The lines that make up this material should each be returned exactly.

==========

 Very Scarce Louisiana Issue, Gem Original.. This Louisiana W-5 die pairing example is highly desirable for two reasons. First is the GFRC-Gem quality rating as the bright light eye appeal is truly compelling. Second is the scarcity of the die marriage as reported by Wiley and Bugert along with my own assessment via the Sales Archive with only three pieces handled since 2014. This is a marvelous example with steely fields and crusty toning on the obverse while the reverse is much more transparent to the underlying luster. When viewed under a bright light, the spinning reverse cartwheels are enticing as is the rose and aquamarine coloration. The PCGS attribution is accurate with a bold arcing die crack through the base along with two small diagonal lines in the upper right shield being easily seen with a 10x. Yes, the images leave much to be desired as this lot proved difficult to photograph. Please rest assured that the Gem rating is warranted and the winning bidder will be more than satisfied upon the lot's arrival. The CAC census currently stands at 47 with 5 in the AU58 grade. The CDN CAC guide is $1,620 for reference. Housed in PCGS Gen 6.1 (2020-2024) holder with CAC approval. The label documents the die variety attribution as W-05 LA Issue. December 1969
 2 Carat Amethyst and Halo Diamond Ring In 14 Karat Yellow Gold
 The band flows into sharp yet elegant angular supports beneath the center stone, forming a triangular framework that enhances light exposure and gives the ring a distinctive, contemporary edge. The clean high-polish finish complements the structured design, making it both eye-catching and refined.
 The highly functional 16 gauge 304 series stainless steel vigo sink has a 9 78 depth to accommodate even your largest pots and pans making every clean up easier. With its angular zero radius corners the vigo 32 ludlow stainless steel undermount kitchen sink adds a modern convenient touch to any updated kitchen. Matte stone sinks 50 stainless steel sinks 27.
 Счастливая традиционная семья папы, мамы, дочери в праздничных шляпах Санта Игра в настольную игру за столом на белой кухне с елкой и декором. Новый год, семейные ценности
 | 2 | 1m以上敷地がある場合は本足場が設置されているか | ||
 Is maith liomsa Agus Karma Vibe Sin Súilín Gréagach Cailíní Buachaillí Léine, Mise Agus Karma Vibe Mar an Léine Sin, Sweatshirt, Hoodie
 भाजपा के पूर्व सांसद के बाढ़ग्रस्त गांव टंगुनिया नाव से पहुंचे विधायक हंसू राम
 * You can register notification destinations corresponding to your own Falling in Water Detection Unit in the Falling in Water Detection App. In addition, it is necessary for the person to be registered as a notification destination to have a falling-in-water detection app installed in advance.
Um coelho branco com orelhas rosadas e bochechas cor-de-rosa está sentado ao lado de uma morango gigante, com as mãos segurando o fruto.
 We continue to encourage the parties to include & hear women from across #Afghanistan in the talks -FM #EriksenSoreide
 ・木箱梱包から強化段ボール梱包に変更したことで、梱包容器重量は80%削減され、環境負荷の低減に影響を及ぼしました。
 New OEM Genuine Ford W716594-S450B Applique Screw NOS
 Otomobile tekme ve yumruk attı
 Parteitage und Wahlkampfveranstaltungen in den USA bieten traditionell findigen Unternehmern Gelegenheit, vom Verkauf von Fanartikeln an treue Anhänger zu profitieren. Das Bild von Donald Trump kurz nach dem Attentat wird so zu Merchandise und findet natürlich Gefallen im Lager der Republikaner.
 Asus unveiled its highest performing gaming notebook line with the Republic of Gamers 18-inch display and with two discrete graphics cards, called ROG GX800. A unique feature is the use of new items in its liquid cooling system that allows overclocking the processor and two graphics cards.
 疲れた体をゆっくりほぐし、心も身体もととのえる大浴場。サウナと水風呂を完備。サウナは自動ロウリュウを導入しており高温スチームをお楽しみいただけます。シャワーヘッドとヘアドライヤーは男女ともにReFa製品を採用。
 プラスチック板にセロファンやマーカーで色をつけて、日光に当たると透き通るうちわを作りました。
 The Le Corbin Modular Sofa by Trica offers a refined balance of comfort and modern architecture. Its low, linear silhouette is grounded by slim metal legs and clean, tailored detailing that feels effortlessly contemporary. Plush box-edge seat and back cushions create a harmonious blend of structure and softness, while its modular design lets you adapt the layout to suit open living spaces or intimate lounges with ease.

==========

## [Result]
 Very Scarce Louisiana Issue, Gem Original.. This Louisiana W-5 die pairing example is highly desirable for two reasons. First is the GFRC-Gem quality rating as the bright light eye appeal is truly compelling. Second is the scarcity of the die marriage as reported by Wiley and Bugert along with my own assessment via the Sales Archive with only three pieces handled since 2014. This is a marvelous example with steely fields and crusty toning on the obverse while the reverse is much more transparent to the underlying luster. When viewed under a bright light, the spinning reverse cartwheels are enticing as is the rose and aquamarine coloration. The PCGS attribution is accurate with a bold arcing die crack through the base along with two small diagonal lines in the upper right shield being easily seen with a 10x. Yes, the images leave much to be desired as this lot proved difficult to photograph. Please rest assured that the Gem rating is warranted and the winning bidder will be more than satisfied upon the lot's arrival. The CAC census currently stands at 47 with 5 in the AU58 grade. The CDN CAC guide is $1,620 for reference. Housed in PCGS Gen 6.1 (2020-2024) holder with CAC approval. The label documents the die variety attribution as W-05 LA Issue. December 1969
 2 Carat Amethyst and Halo Diamond Ring In 14 Karat Yellow Gold
 The band flows into sharp yet elegant angular supports beneath the center stone, forming a triangular framework that enhances light exposure and gives the ring a distinctive, contemporary edge. The clean high-polish finish complements the structured design, making it both eye-catching and refined.
 The highly functional 16 gauge 304 series stainless steel vigo sink has a 9 78 depth to accommodate even your largest pots and pans making every clean up easier. With its angular zero radius corners the vigo 32 ludlow stainless steel undermount kitchen sink adds a modern convenient touch to any updated kitchen. Matte stone sinks 50 stainless steel sinks 27.
 Счастливая традиционная семья папы, мамы, дочери в праздничных шляпах Санта Игра в настольную игру за столом на белой кухне с елкой и декором. Новый год, семейные ценности
 | 2 | 1m以上敷地がある場合は本足場が設置されているか | ||
 Is maith liomsa Agus Karma Vibe Sin Súilín Gréagach Cailíní Buachaillí Léine, Mise Agus Karma Vibe Mar an Léine Sin, Sweatshirt, Hoodie
 भाजपा के पूर्व सांसद के बाढ़ग्रस्त गांव टंगुनिया नाव से पहुंचे विधायक हंसू राम
 * You can register notification destinations corresponding to your own Falling in Water Detection Unit in the Falling in Water Detection App. In addition, it is necessary for the person to be registered as a notification destination to have a falling-in-water detection app installed in advance.
Um coelho branco com orelhas rosadas e bochechas cor-de-rosa está sentado ao lado de uma morango gigante, com as mãos segurando o fruto.
 We continue to encourage the parties to include & hear women from across #Afghanistan in the talks -FM #EriksenSoreide
 ・木箱梱包から強化段ボール梱包に変更したことで、梱包容器重量は80%削減され、環境負荷の低減に影響を及ぼしました。
 New OEM Genuine Ford W716594-S450B Applique Screw NOS
 Otomobile tekme ve yumruk attı
 Parteitage und Wahlkampfveranstaltungen in den USA bieten traditionell findigen Unternehmern Gelegenheit, vom Verkauf von Fanartikeln an treue Anhänger zu profitieren. Das Bild von Donald Trump kurz nach dem Attentat wird so zu Merchandise und findet natürlich Gefallen im Lager der Republikaner.
 Asus unveiled its highest performing gaming notebook line with the Republic of Gamers 18-inch display and with two discrete graphics cards, called ROG GX800. A unique feature is the use of new items in its liquid cooling system that allows overclocking the processor and two graphics cards.
 疲れた体をゆっくりほぐし、心も身体もととのえる大浴場。サウナと水風呂を完備。サウナは自動ロウリュウを導入しており高温スチームをお楽しみいただけます。シャワーヘッドとヘアドライヤーは男女ともにReFa製品を採用。
 プラスチック板にセロファンやマーカーで色をつけて、日光に当たると透き通るうちわを作りました。
 The Le Corbin Modular Sofa by Trica offers a refined balance of comfort and modern architecture. Its low, linear silhouette is grounded by slim metal legs and clean, tailored detailing that feels effortlessly contemporary. Plush box-edge seat and back cushions create a harmonious blend of structure and softness, while its modular design lets you adapt the layout to suit open living spaces or intimate lounges with ease.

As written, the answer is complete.